My eyes stare at J’s back as we walk down the hallway. Just a few seconds ago I was walking next to him, jokingly saying that he should go first. But it was no joke, there would’nt have been a way that I was going in that room before him. I think of last year, how I saw the posters for the group that I’m about to attend. Every time I saw the poster on the schools monitor’s my heart skipped a beat and my pace went up; the sooner I’d past by the thing, the less confronting I’d hope it would be. I’d never go there, no not me. Not me.
But here I am, finally, after a long struggle I give the feelings that I put away in some deep, dark place of my being a voice. I took a deep breath, filled my lungs for the last time and walk after him as we pass through the door. I take a peek over his shoulder. ‘Oh look, there already are some folks’ he notices. So do I. A guy and a girl, two of them. Or actually, two of us. I introduce myself and try to speak clearly, I hope they caught my name, but actually I don’t care. What I care about is that they know about me just as well as I know about them.
I sit down next to J and I feel like a kid that’s looking for the safety of a familiar person at their first day on a new school. We sit down there like I’ve sat next to him for so many hours, conversing endlessly about our topic. I remember the evening that I visited him, some months ago. That day I couldn’t think about anything else. My thoughts drifted away during class and I wasn’t good company to anyone. I was anxious, but prepared as I tried to lead our conversation subtle to sexuality. We discussed it, he said I probably, as a straight girl, couldn’t understand what it was like. I looked up, tried not to squint my eyes in the way I do when I’m going to say something I actually don’t want to say and told him that, actually, I understood very well what he was talking about. Since that day he’s been a wonderfull listener.
The door closes, four girls, three guys and two therapists/pastors. The ‘homosexuality and faith’ group of our Christian college. I’m anxious about what is to come, what is going to be discussed and what I will discover. It hits me that those people in the little room, more strangers than aquantainces, are all the people that can label me ‘gay’. Last night I dreamt otherwise, I dreamt that everyone knew. One way or the other my class found out. ‘Oh, you’re gay? You’re bi?’ they kept calling. I try to reply, but I can’t. Holding my hands in the air, over my ears I’m running through our school. As if that’s going to help, as if it would protect me. I woke up at 4 am, awake as can be. It was just a dream, but it made me realise how hard this will really be. Whatever path I will walk down, to whom I will come out the coming days/months/years, it will be one of the hardest things I will have to do. But first I have to get it clear for myself. What I want and who I am. I need to learn to accept myself in the process. To believe that I’m no less than my straight friends, just because I happen to be different.
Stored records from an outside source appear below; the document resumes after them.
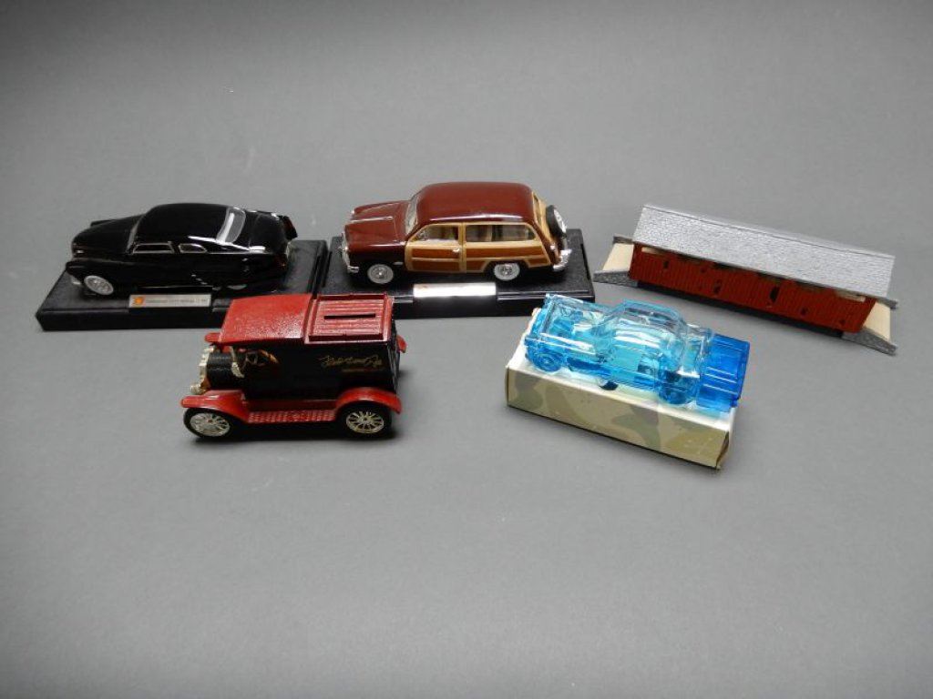 ERTL 1931 FORD MODEL T VAN COIN BANK/ KEY SIGNATURE 1949 FORD WOODY WAGON 1:24 SIGNATURE CUSTOMIZED 1949 MERCURY 1:28 2 AVON GLASS CARS HO SCALE COVERED BRIDGE
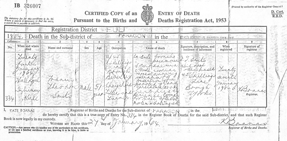 24 Jan 1964 Hull Royal Infirmary (cert) buried Elloughton Churchyard (EAS) |
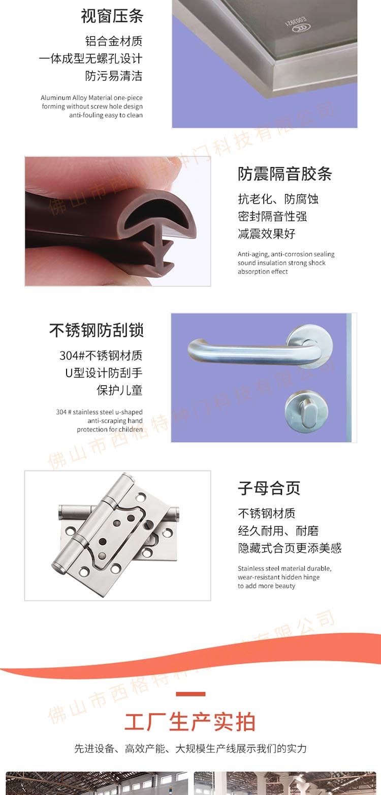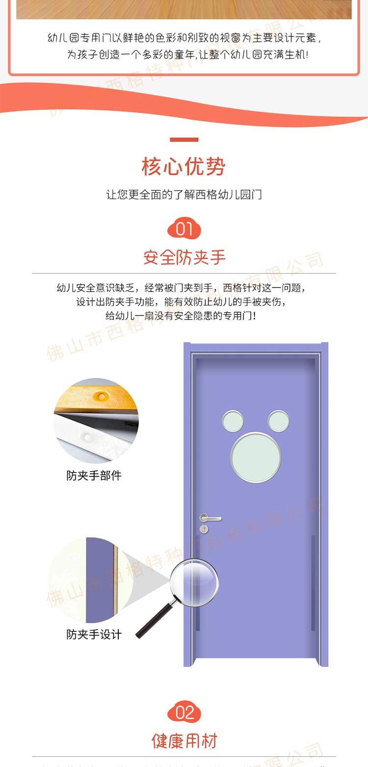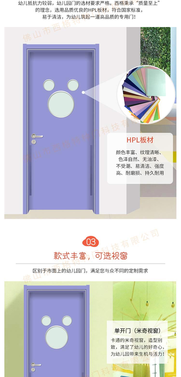 產(chǎn)品簡介:chnsige西格特種門,專業(yè)生產(chǎn)幼兒園門,防夾手幼兒園門,多鐘款式、顏色,尺寸可定制。

My bottom lip’s trembling and I see my All Stars going up and down, up and down. We introduce ourselves to one another. My thoughts are everywhere, but foremost I think about what it means when I state my name, age and viewpoint in a few minutes. It’s a confirmation that I’m part of this, to myself more than others. The next step on the road to self acceptation is to state my name in their presence. People who understand what kind of struggle it is to fight feeling and thought. I can feel the unspoken support, to just sit next to them gives me the courage to speak out.
‘Well, I’m AC and I’ve just turned nineteen. I’m a second year…’ an error, my grammar is failing me. ‘…here at school.’ I fumble my way through some horribly constructed sentences about where I stand (I don’t know) and how I involve God in the whole thing (where is He?). And that was it. Did I do well? I don’t know what look I gave J, but he served me a warm smile under two shining eyes. I glance at my therapist, she smiles genuinely. Yes, I did do well, I couldn’t fail at this. They picked me off the ground with their warmth. I pull back my shoulders and lift my eyes from the coffeetable. This group I’m now a part of, I belong among them.
Thanks for visiting our blog, and I am so pleased to see you creating one of your one as you begin this journey. I am quite certain my journey wouldn’t have been the same if not for my blog, and I have certainly met some wonderful people along the way. Congratulations on finding a group where you can have these conversations (and if you happen to be in southern california,) there is a wonderful little group that has arisen out of our blog which you are more than welcome to join. I wish you peace on your journey.
– D
Well done, AC. That first step takes courage, and as somebody who remembers having been there and done that, I just wanted to recognize it. (I got here via Notsostraightfromseminary, btw.) Take care, and God bless. He is with you.